DOI: 10.1038/s41587-024-02428-4

This study has five co-first authors who contributed equally: Dapeng Xiong, PhD (Cornell University); Yunguang Qiu, PhD (Cleveland Clinic); Junfei Zhao, PhD (Columbia University); Yadi Zhou, PhD (Cleveland Clinic); and Dongjin Lee, PhD (Cornell University).

It was funded in part by The National Institute on Aging (R01AG084250, R56AG074001, U01AG073323, R01AG066707, R01AG076448, R01AG082118, RF1AG082211, and R21AG083003) and The National Institute of Neurological Disorders and Stroke (RF1NS133812).

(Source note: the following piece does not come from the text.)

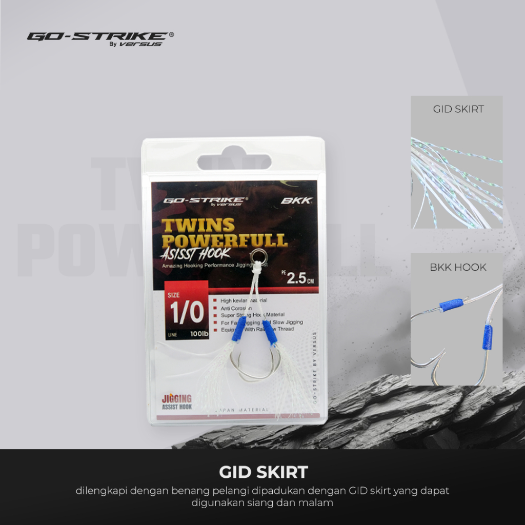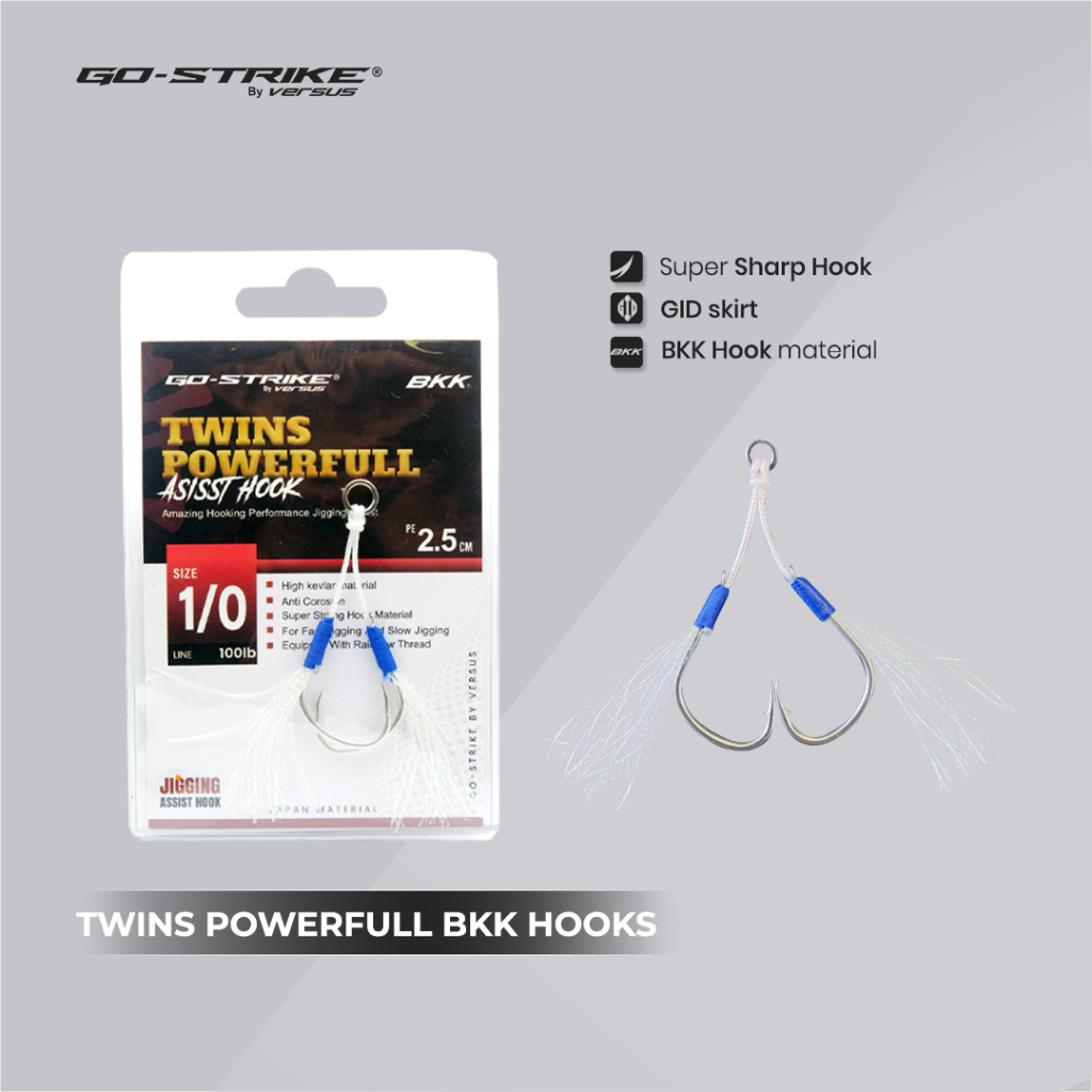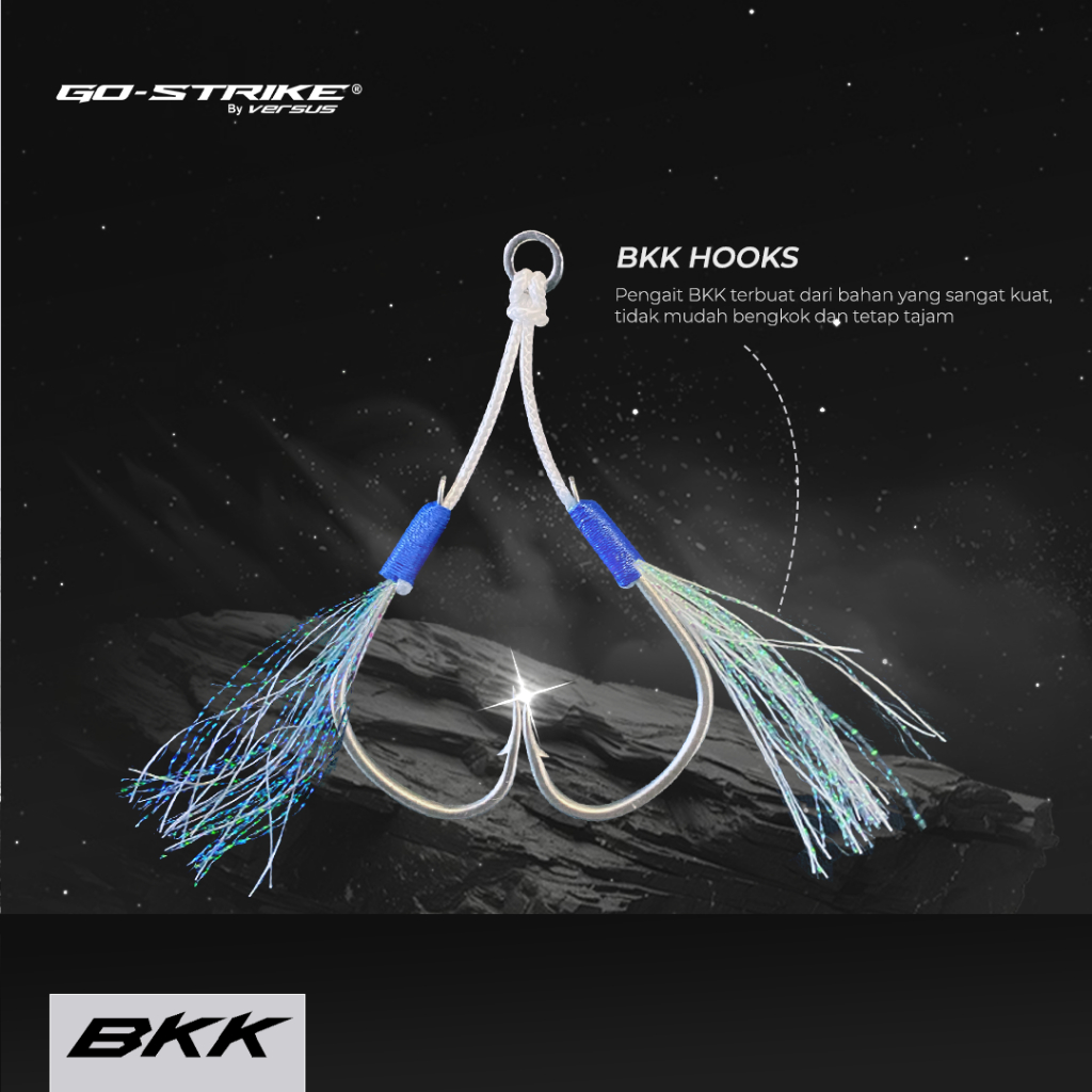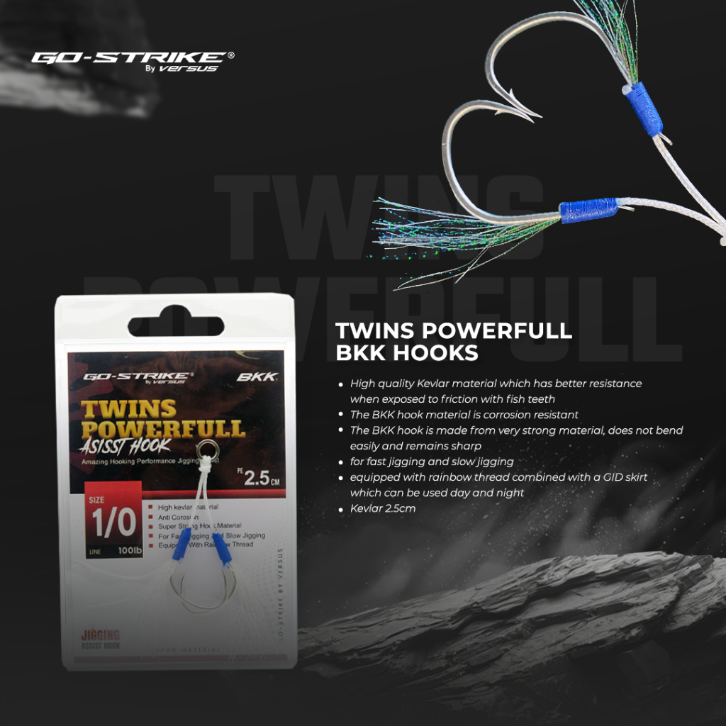 Kail Pancing Asisst Hook GoStrike Twins Powerfull BKK Hooks – High Quality Kevlar 2.5cm, Glow 5mm, GID Glow

The work was also supported in part by the late Charis Eng, MD, PhD, the Sondra J. and Stephen R. Hardis Chair of Cancer Genomic Medicine at Cleveland Clinic. Dr. Cheng wishes to dedicate this paper to the memory of Dr. Eng, founding Chair of Genomic Medicine Institute. She will be remembered for her lifelong dedication to human genetics, personalized genomic healthcare research, and mentorship.